Interestingly, the NDM-1, CTX-M-15, and OXA-48 resistances were located on three different, large plasmids, based on their respective size subsequently termed plasmids 1 (pPBIO1953_NDM-1), 2 (pPBIO1953_CTX-M-15), and 4 (pPBIO1953_OXA-48) (Additional file 1: Fig. S3 and S7). Plasmid 1 (size = 360,596 bp; incompatibility [Inc] types: IncFIB, IncHI1B) did not only encode the New-Delhi metallo-beta-lactamase (NDM)-1 but also several other resistance genes (dfrA5, sul1, sul2, qnrS1, aph (3′)-Ia, aph (3′)-VI, armA, mph(A), mph(E), and msr(E)) as well as virulence (peg-344/pagO, peg-1860/pagO [metabolite transporter], iucABCD, iutA [aerobactin], and rmpA/rmpA2 [regulator of mucoid phenotype]) and disinfectant/mineral resistance factors (qacEdelta1 [disinfectant resistance], ter [tellurite resistance]) (Additional file 1: Fig. S7B). Plasmid 2 (size = 130,131 bp; IncFIB) carried the following antibiotic resistances: blaCTX-M-15, blaTEM-1B, sul2, aac (3)-IIa, aph (3″)-Ib, and aph (6)-Id, and, interestingly, several genes responsible for heavy metal resistance: ars (arsenic/antimony resistance), sil (silver resistance), and pco (copper resistance). We compared plasmids 1 and 2 to two well-characterized, typical virulence plasmids of hypervirulent K. pneumoniae NTUH-K2044  and KCTC 2242 . We found a high degree of similarity in the aforementioned virulence and mineral resistance features (Fig. 2). This is of particular public health interest as the emergence of “mosaic” plasmids carrying AMR and virulence factors can confer both enhanced virulence and multidrug resistance in one single transfer. Plasmid 4 (size = 63,589 bp; IncL/M) was positive for the OXA-48-encoding gene. Two additional plasmids with sizes of 72,679 bp (plasmid 3; IncFII) and 6656 bp (plasmid 5; Col440I) did not carry any resistance or virulence genes (Additional file 1: Fig. S7D and S7F).

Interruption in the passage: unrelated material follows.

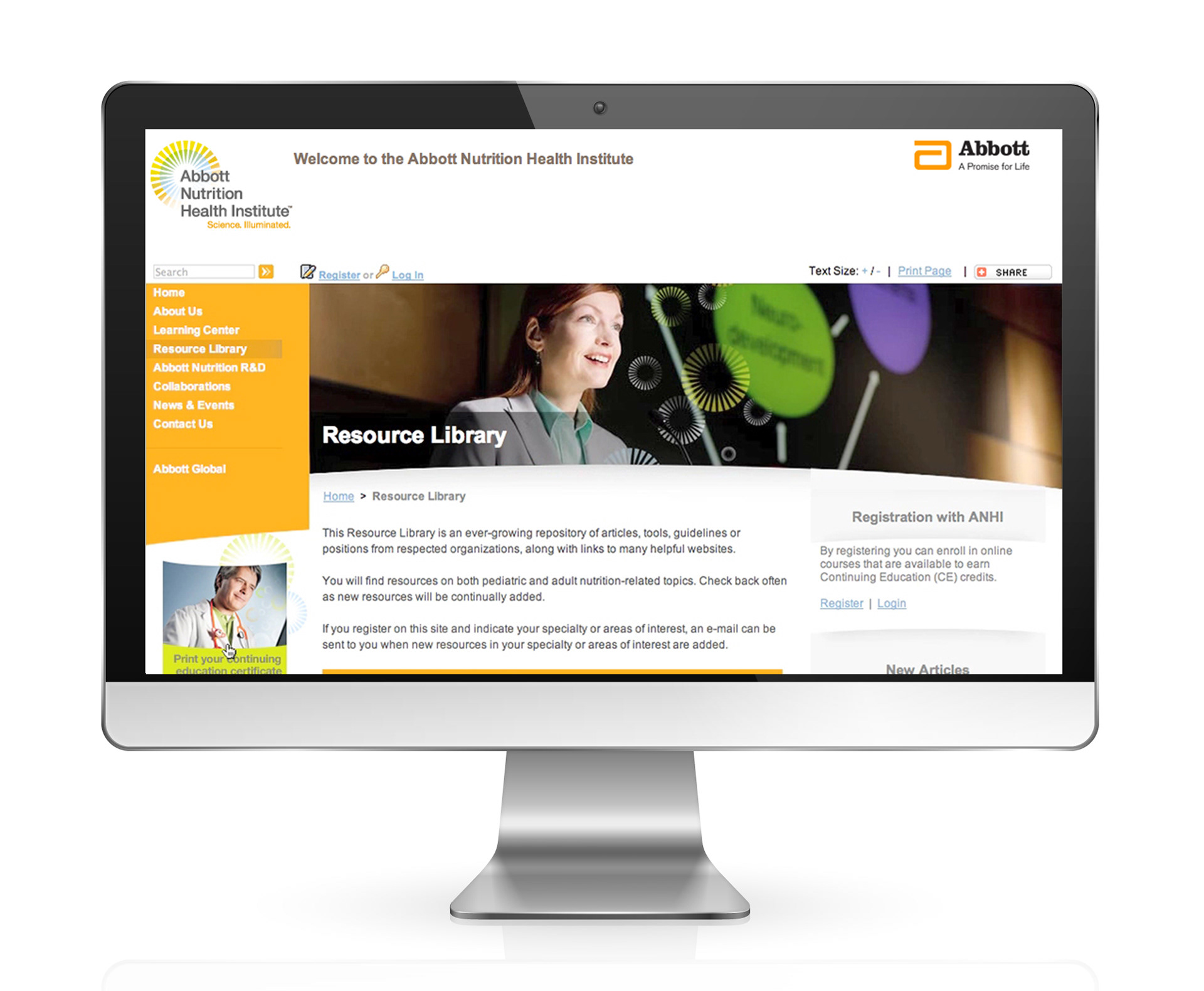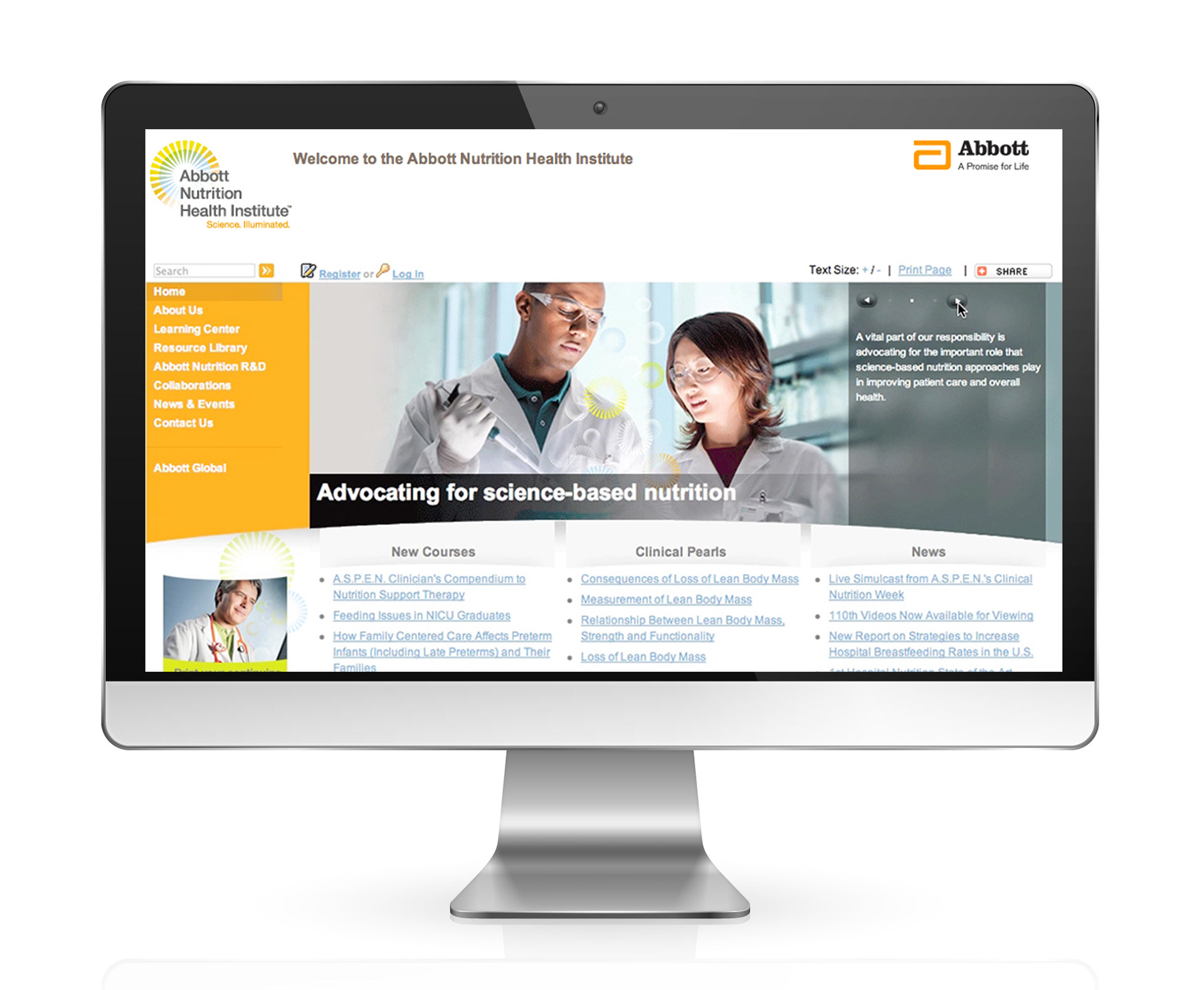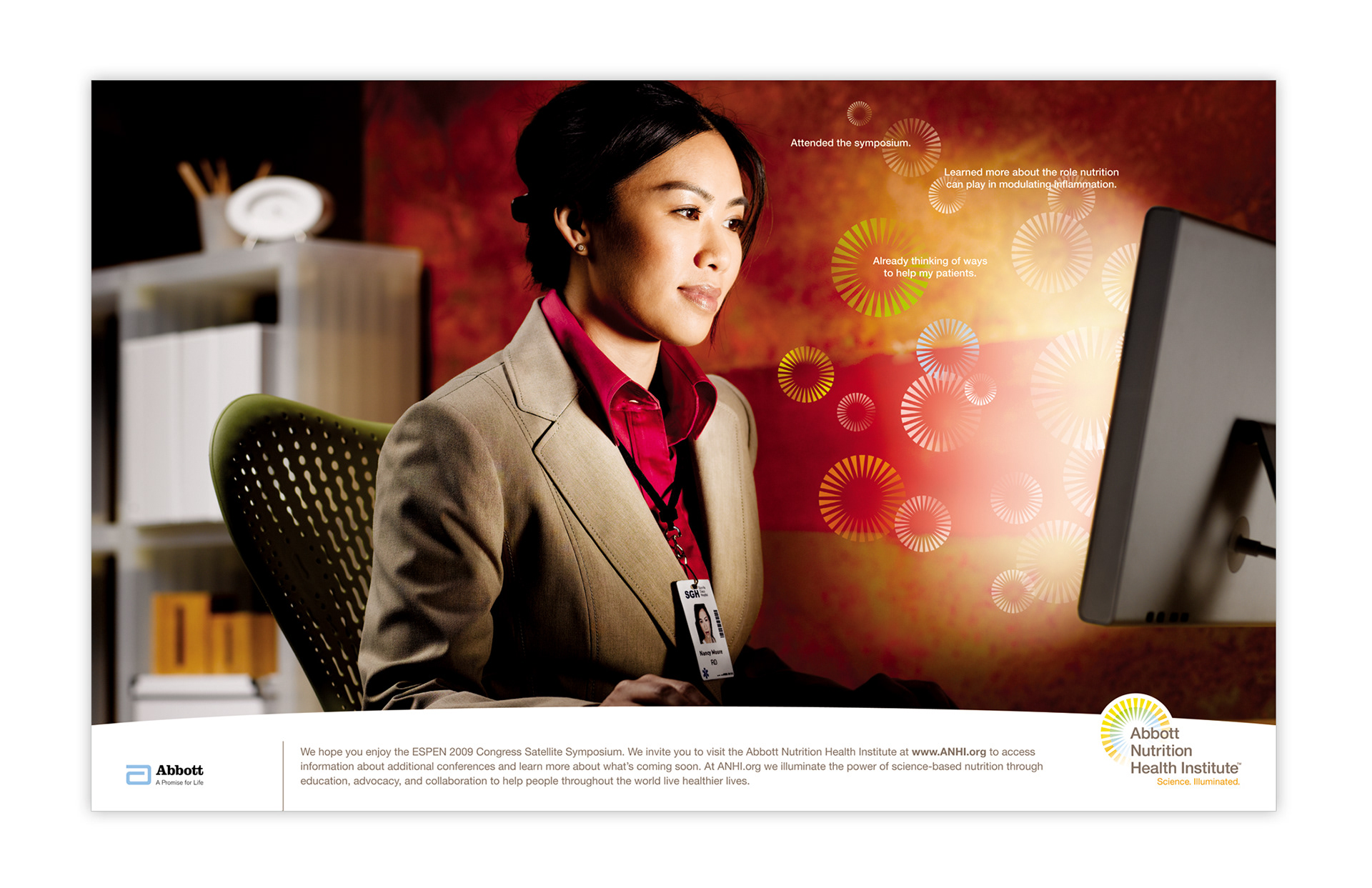 Abbott Nutrition Health Institute was created to foster education, research, and scientific collaboration. This mission was brought to life through positioning, branding, and a comprehensive campaign dramatizing the theme “science illuminated”. The ANHI website was created to became a destination for thought leaders, researchers and support professionals. The site featured on-line continuing education courses, a resource center, and extensive coverage of the latest clinical trials and conferences. ANHI Credits: Senior Art Director Sebastian Pallini Copywriter Andy Conroy Senior Interactive Designer Dan Weatherby Interactive Designer Eric Hughes Senior Copywriter Sean Bice

When comparing these plasmid sequences to the other genomes (Fig. 3, Additional file 1: Fig. S2, and Additional file 1: Fig. S3B), we noticed that two non-K. pneumoniae ST307 isolates were also positive for plasmid 1 (NDM-1): (i) PBIO1963 is an E. coli ST362 isolate obtained on September 10, 2019, from patient PT07, who also carried K. pneumoniae ST307 (PBIO1955—obtained on July 24, 2019). We suggest that K. pneumoniae ST307 donated plasmid 1 to PBIO1963 within the patient. (ii) PBIO1961 is a K. pneumoniae ST395 isolate. We did not obtain any additional carbapenem-resistant isolates from this patient (PT12), which indicates inter-patient transfer of resistance plasmids (Fig. 3); however, our epidemiologic data do not support this suggestion as no other ST307-positive patient was simultaneously present on the same ward. Plasmids 2 and 4 were also present in some non-ST307 genomes. K. pneumoniae ST405 (PBIO1979) isolated on September 25, 2019, from patient PT21 carried plasmid 2 (CTX-M-15). From the same patient, we isolated K. pneumoniae ST307 (PBIO1936) on September 18, 2019, again suggesting plasmid intra-bacterial species transfer within this patient. Plasmid 4 (OXA-48) was present in K. pneumoniae ST147 (PBIO1999—isolated from patient PT16 on October 2, 2019) and a K. pneumoniae ST307 isolate (PBIO2000) obtained from the same patient on September 4, 2019. Plasmid 4 was further carried by PBIO1966, a C. freundii ST153 isolate obtained on September 20, 2019, from patient PT02, who additionally carried two K. pneumoniae ST307 isolates (PBIO1958: August 5, 2019; PBIO1932: September 14, 2019). It was also present in E. cloacae ST45 (PBIO2014: December 24, 2019), which was the only sequenced isolate from patient PT20. Again, these are examples for putative inter-bacterial plasmid transfers within a patient and among patients, respectively (Fig. 3). Inter-patient transfer for PT20 is further supported by the epidemiologic data: PBIO2012 (ST307) was isolated on December 16, 2019, from a putative donor patient (PT10), who stayed on the same ward as PT20.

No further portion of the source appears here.